> _Directions for this task_: Please repeat, exactly as they stand, the line containing "be easily recharged" and the lines after it through the final line of the listing below, minus pictures.
---*---
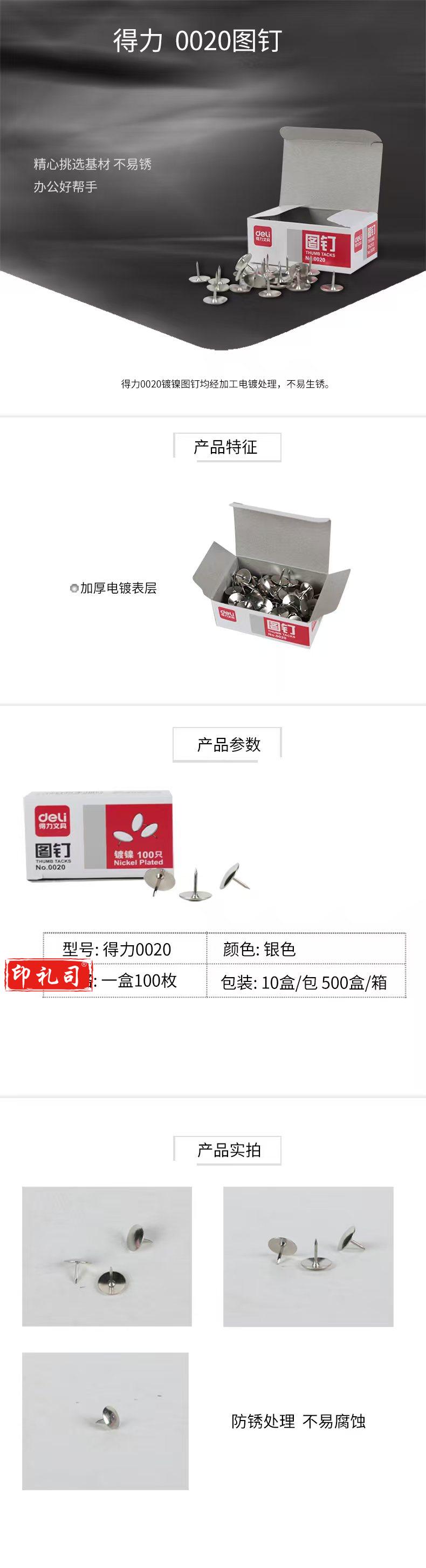 得力0020图钉 (100粒/盒)
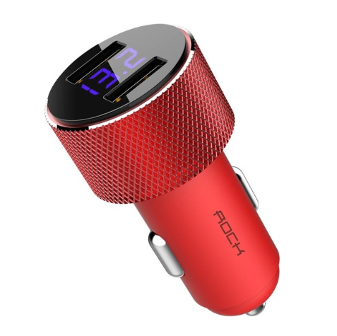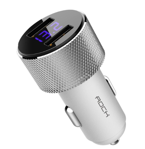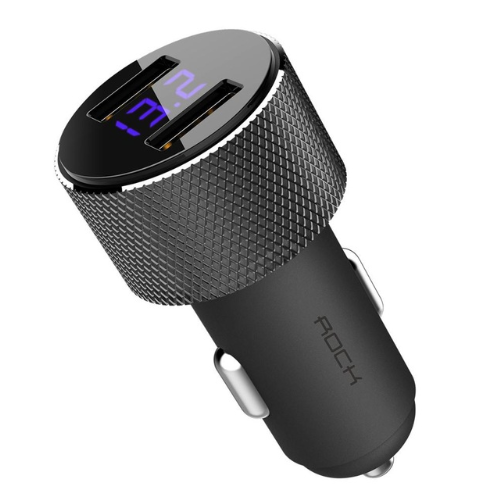 Compatible ROCK 5V 3.4A Metal Dual USB Car Charger Digital Display Fast Charging Voltage Monitoring
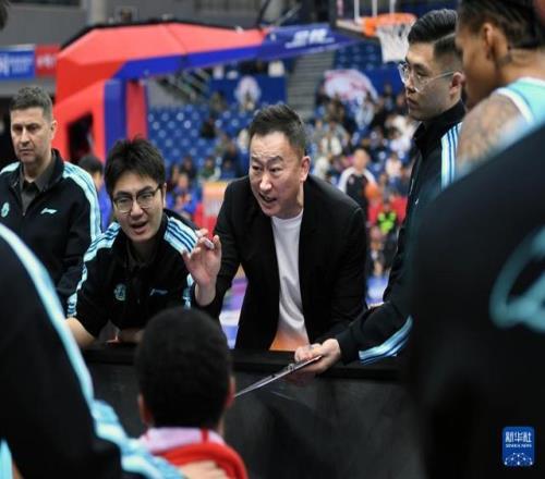 1月15日,青島嶗山啤酒隊主教練劉維偉(中)在比賽中向隊員布置戰術。新華社記者 李紫恒 攝
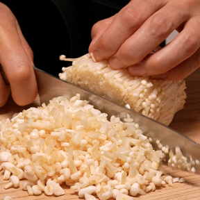 ③②におろしにんにく・おろししょうが・えのき茸を加えて炒める。『リケンのノンオイル 青じそ』を加えて炒める。片栗粉・水を混ぜ合わせて加え、さらに炒める。
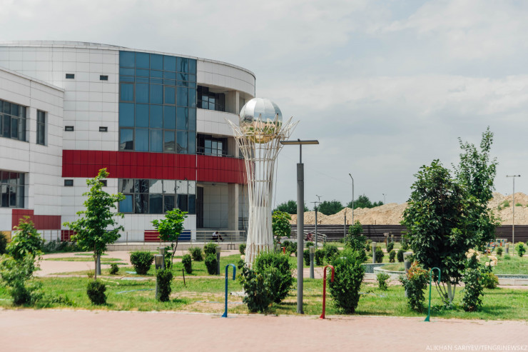 Мы идем дальше и замечаем, что здесь даже есть свой "Байтерек", он находится рядом с Дворцом школьников.
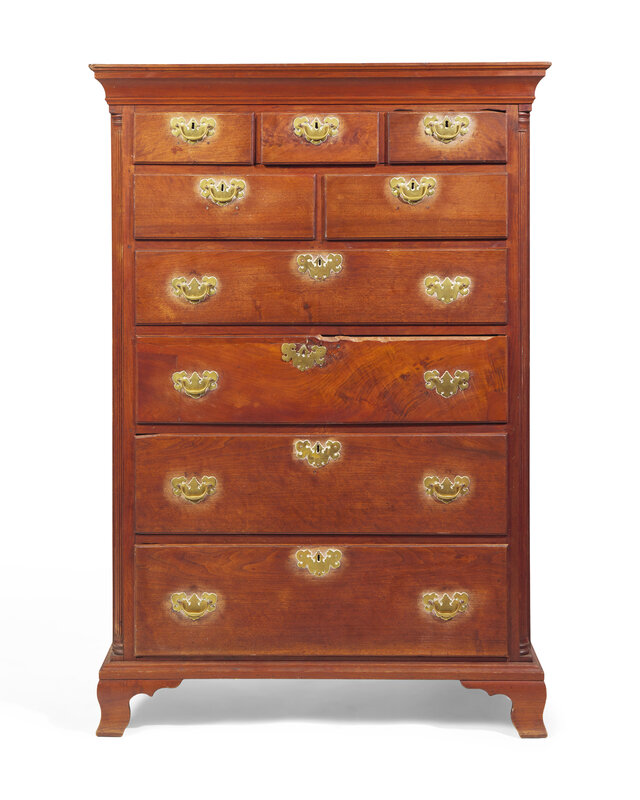 with flat molded cornice, quarter columns, with a series of three short drawers, above two short drawers, over four graduated long drawers, on molded base with ogee feet.
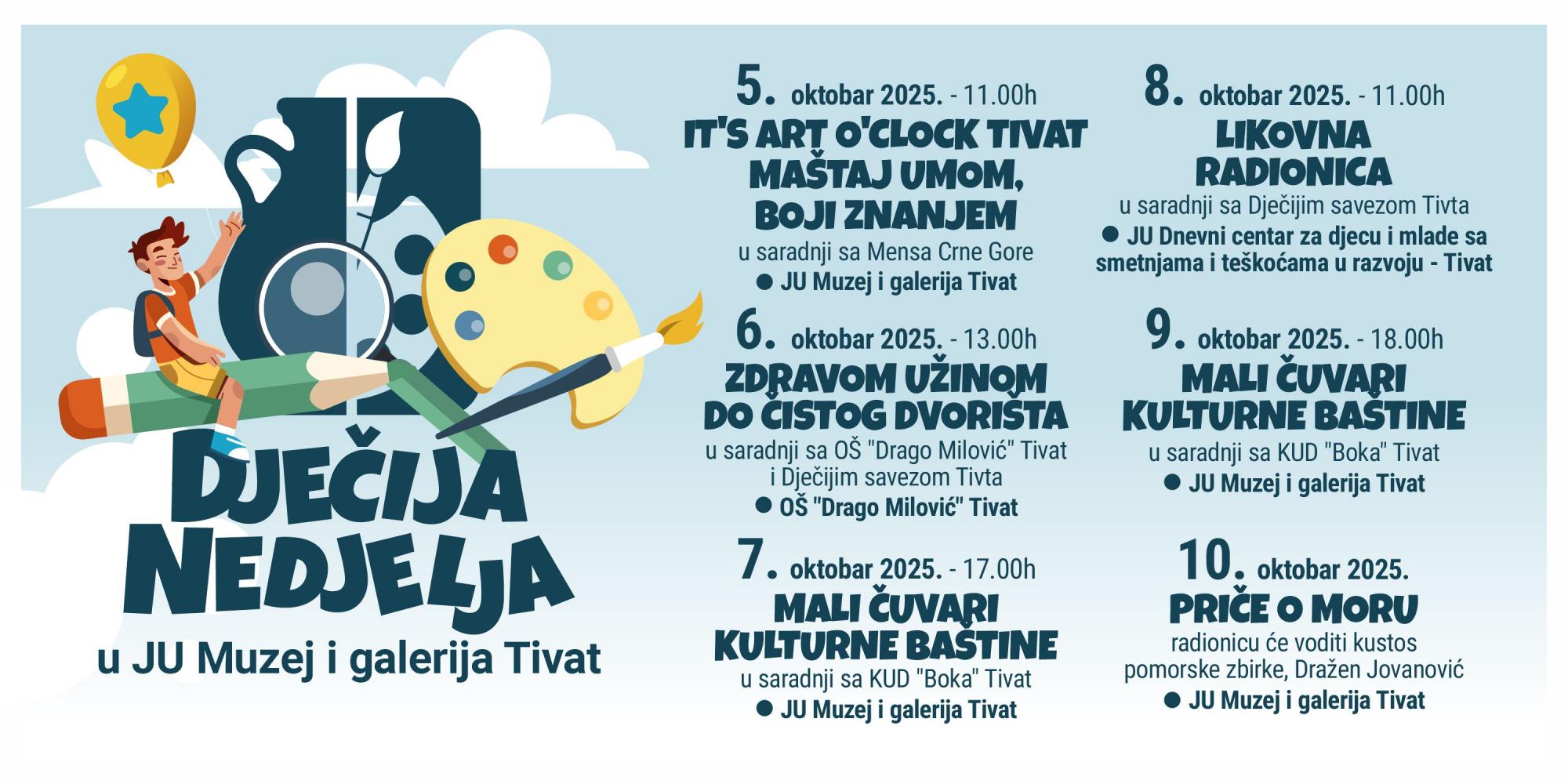 Povodom obilježavanja „Dječije nedjelje“, JU Muzej i galerija Tivat pripremila je bogat i raznovrstan program za najmlađe. Na priloženom plakatu možete pogledati što sve mališane očekuje tijekom trajanja ove manifestacije.
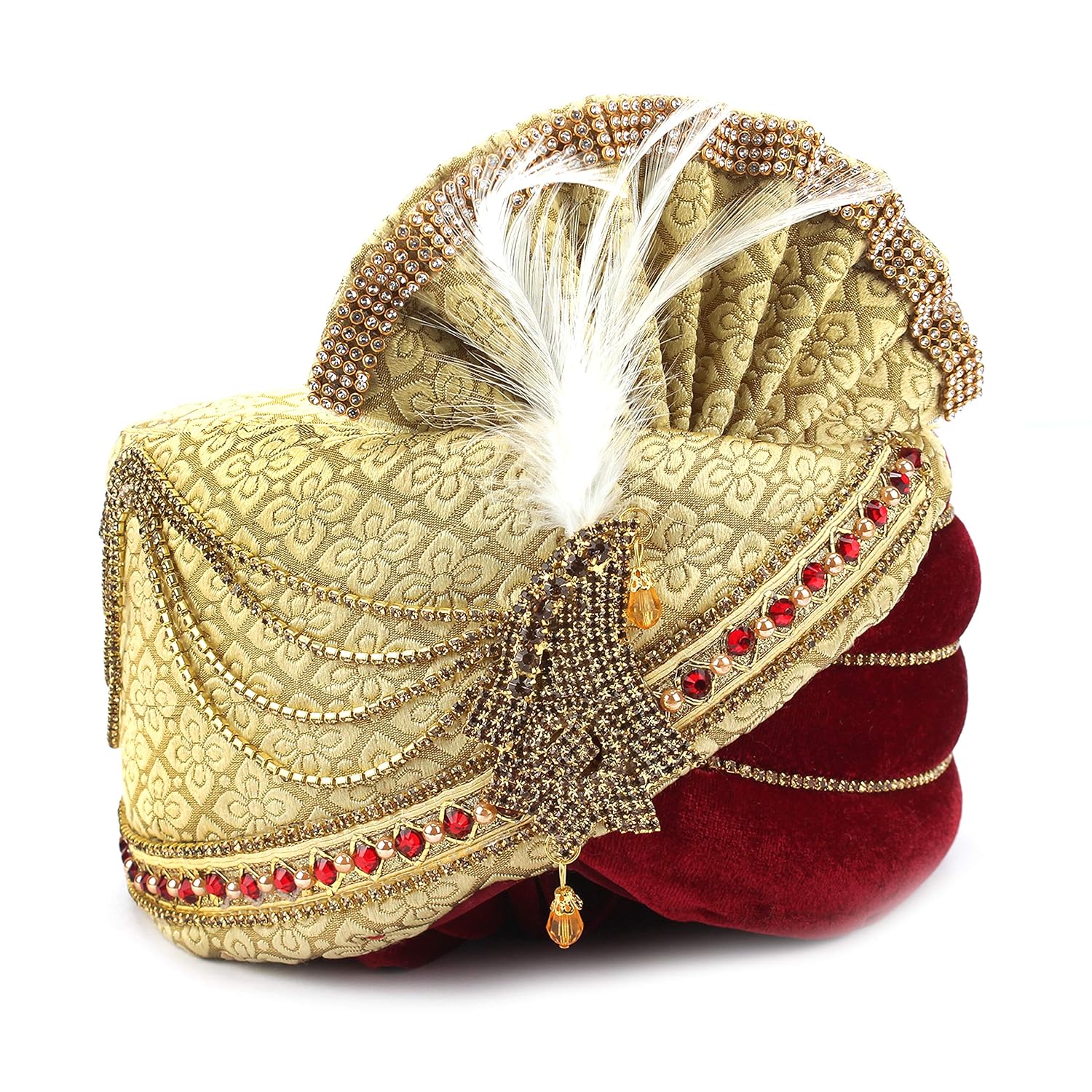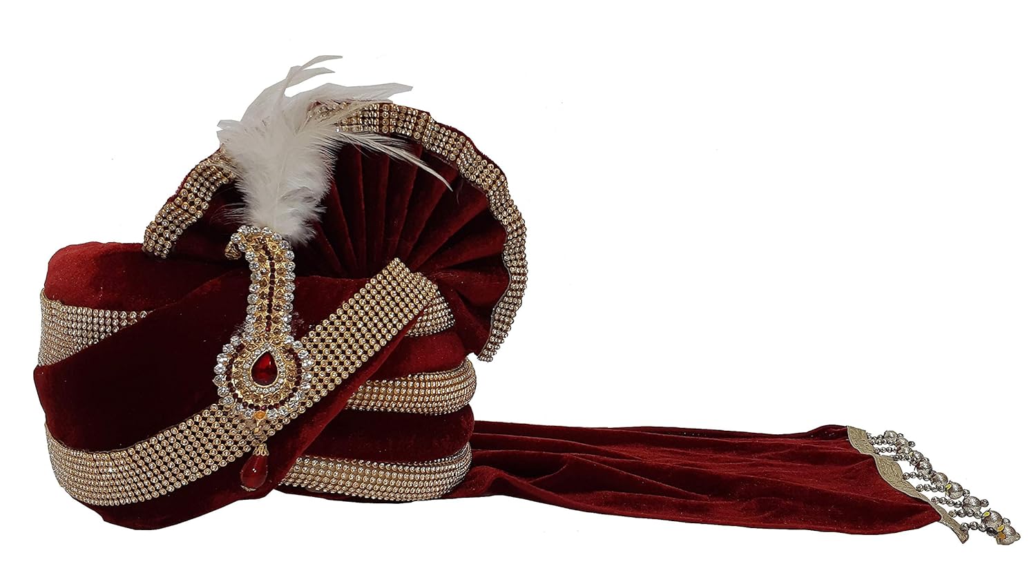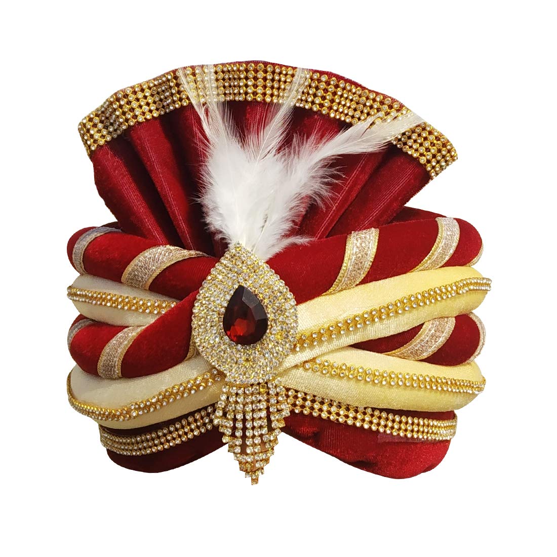 Aman Royal Dulha Collection Men's Velvet Safa/Turban/Pagdi (Maroon, Free Si...
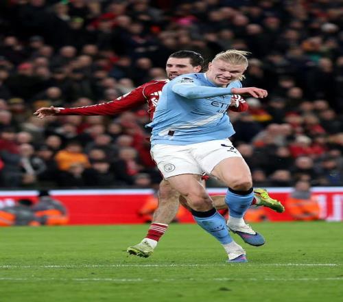 但曼城展現(xiàn)了冠軍球隊的韌性,第84分鐘,哈蘭德頭球擺渡,貝爾納多·席爾瓦鏟射破門,將比分扳為1比1,高潮在補(bǔ)時階段到來,曼城球員努內(nèi)斯在禁區(qū)內(nèi)被利物浦門將阿利松放倒,裁判判罰點球,哈蘭德主罰命中,完成絕殺,并脫衣慶祝領(lǐng)到黃牌。
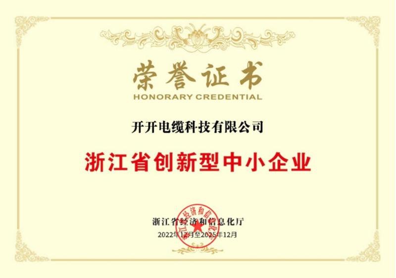 浙江省创新型中小企业证书
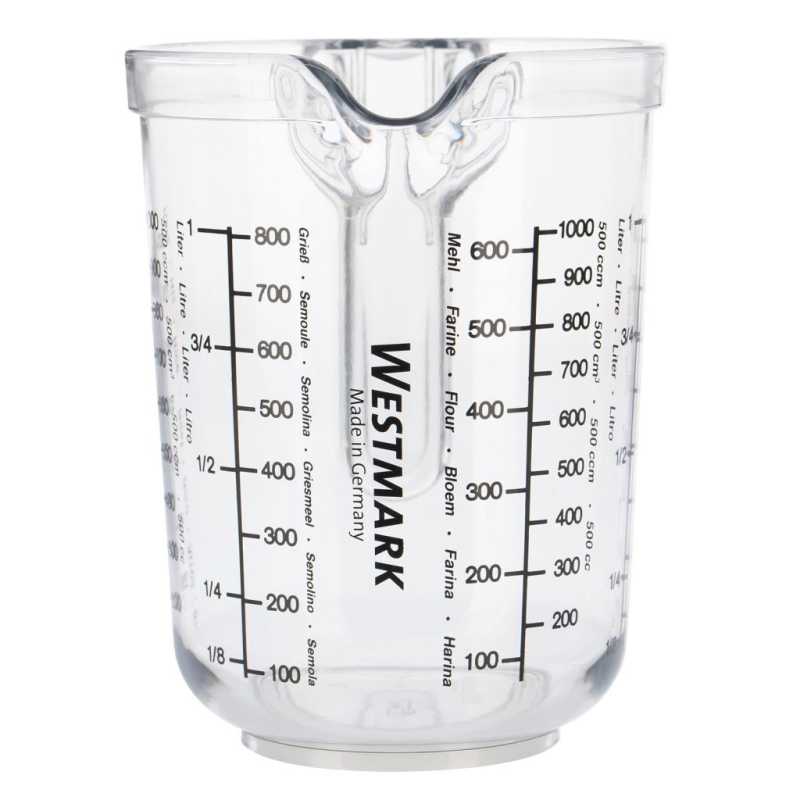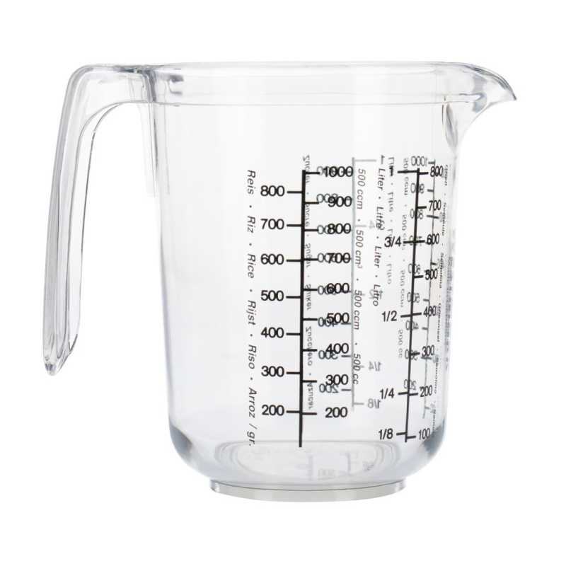 Ezzel a masszív mérőedénnyel gyorsan és pontosan kimérheti a sütési hozzávalókat a skálának és a nagyméretű, 1 literes űrtartalomnak köszönhetően.
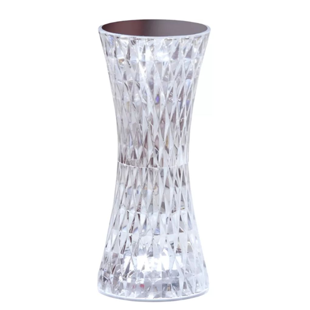 be easily recharged via USB. The elegant, crystal-like design of the lamp creates
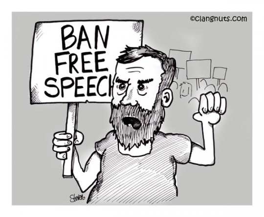 So let’s not just act as if free speech is only for politically correct speech, or that it should not be given to bigots or people who offend us. Free speech means the freedom to offend. Let’s remember how necessary free speech is for feminism and social change, and not allow ourselves to be duped into linguistic revisionism, the Heckler’s veto, blasphemy laws, gag-orders, and censorship.
---*---
> _Response for this exercise_:
 be easily recharged via USB. The elegant, crystal-like design of the lamp creates
 So let’s not just act as if free speech is only for politically correct speech, or that it should not be given to bigots or people who offend us. Free speech means the freedom to offend. Let’s remember how necessary free speech is for feminism and social change, and not allow ourselves to be duped into linguistic revisionism, the Heckler’s veto, blasphemy laws, gag-orders, and censorship.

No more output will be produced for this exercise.